Kuriyama Kohji, Higuchi Chikahisa, Tanaka Keiichi, Yoshikawa Hideki, Itoh Kazuyuki
Department of Biology, Osaka Medical Center for Cancer and Cardiovascular Diseases, 1-3-2 Nakamichi, Higashinari-ku, Osaka 537-8511, Japan.
Biochem Biophys Res Commun. 2002 Dec 20;299(5):903-9. doi: 10.1016/s0006-291x(02)02754-7.
T-614 (N-[3-(formylamino)-4-oxo-6-phenoxy-4H-chromen-7-yl]methanesulfonamide), a newly developed anti-rheumatic drug under clinical trial, is an anti-inflammatory agent which has been reported to show the inhibitory effect of bone destruction in vivo arthritis model. We found that T-614 stimulated osteoblastic differentiation of stromal cell line (ST2) and preosteoblastic cell line (MC3T3-E1) in the presence or absence of recombinant human bone morphogenetic protein-2 (rhBMP-2). Calcium content of mineralized nodules was 14-fold elevated by the addition of T-614 in the presence of rhBMP-2 in ST2 but not MC3T3-E1. Oral administration of T-614 to mice also promoted rhBMP-2 induced bone formation in vivo. Northern blot analysis showed that transcriptional level of osterix, an essential transcription factor for osteoblastic differentiation, was 3-fold increased by T-614 with rhBMP-2 in ST2. Taken together, these results suggested that T-614 possessed anabolic effects on bone metabolism, besides suppressor of bone resorption, by increased expression of osterix.
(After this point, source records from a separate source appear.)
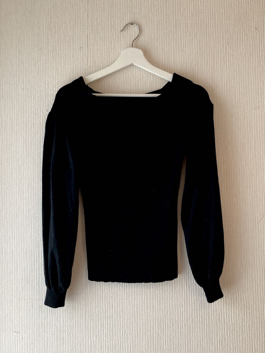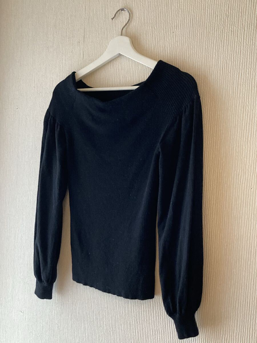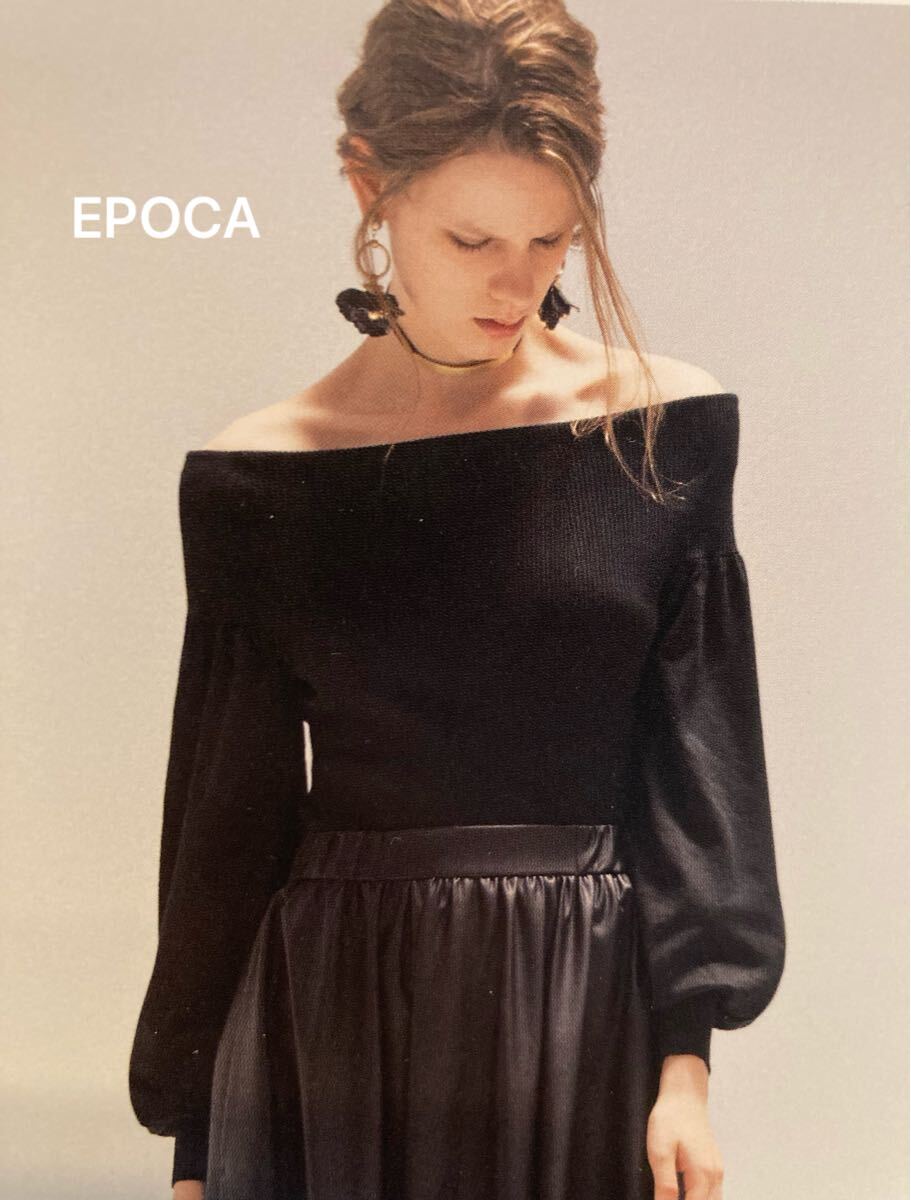 襟ぐりを伸ばすと写真のようなオフショルダーになります。ニットですので伸縮性があり、普通に肩を出さずにもご着用できます。
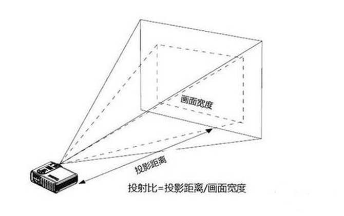 投射比其实就是投影距离/画面宽度的比值,比值越小,说明投射出相同的画面宽度,需要的投影距离越短。举例来说,假如一台投影机的投射比是1,那么用这台投影机投射出100英寸的画面就需要镜头距离幕布2.214米。 投射比就是投影距离/画面宽度的比值
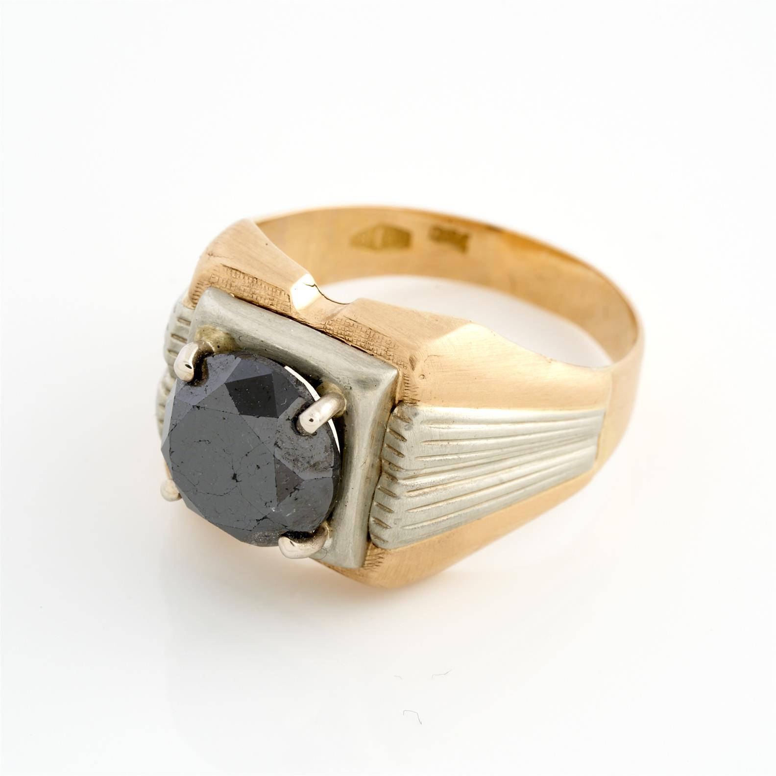 A BLACK DIAMOND SIGNET RING IN 18CT GOLD, SIZE W1/2, 7.8GMS
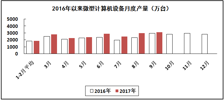 计算机行业生产、出口有所放缓。前三季度,生产微型计算机设备22603万台,同比增长9.5%,其中笔记本电脑12751万台,同比增长9.8%;平板电脑6374万台,同比增长8.3%。实现出口交货值同比增长13.6%,其中9月份增长13.3%。
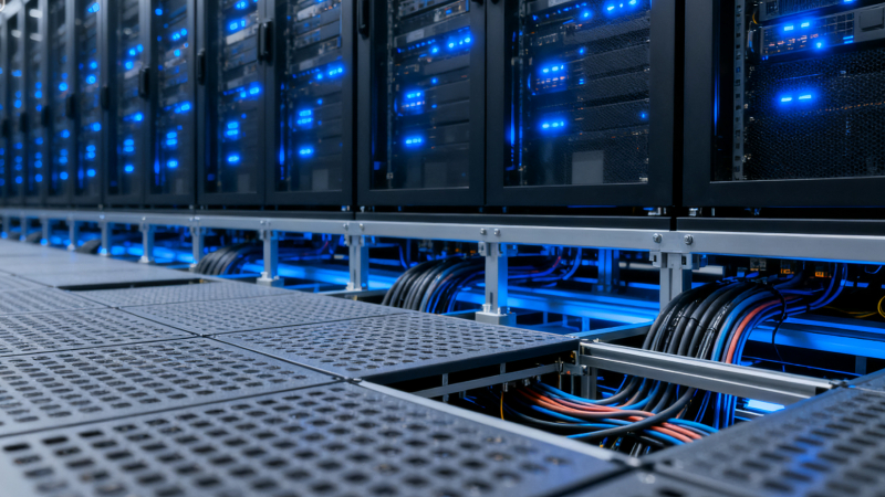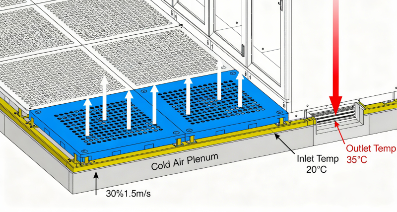 The underfloor space acts as a “cold air plenum,” allowing cold air to distribute evenly across the data center without relying on extra fans or energy-hungry cooling units. For example:
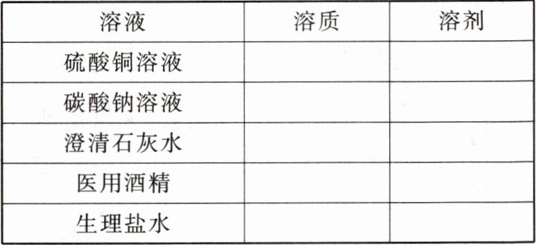 4. 在化学实验室里和日常生活中我们曾接触过许多溶液。指出下列溶液中的溶质和溶剂,完成下表。

T-614(N-[3-(甲酰氨基)-4-氧代-6-苯氧基-4H-色烯-7-基]甲磺酰胺)是一种正在进行临床试验的新开发的抗风湿药物,是一种抗炎剂,据报道在体内关节炎模型中具有抑制骨破坏的作用。我们发现,无论有无重组人骨形态发生蛋白-2(rhBMP-2),T-614均可刺激基质细胞系(ST2)和成骨前体细胞系(MC3T3-E1)的成骨细胞分化。在ST2细胞中,在rhBMP-2存在的情况下添加T-614可使矿化结节的钙含量提高14倍,但在MC3T3-E1细胞中则不然。对小鼠口服T-614也可促进rhBMP-2在体内诱导的骨形成。Northern印迹分析表明,在ST2细胞中,T-614与rhBMP-2共同作用可使成骨细胞分化所必需的转录因子osterix的转录水平提高3倍。综上所述,这些结果表明,T-614除了具有抑制骨吸收的作用外,还通过增加osterix的表达对骨代谢具有合成代谢作用。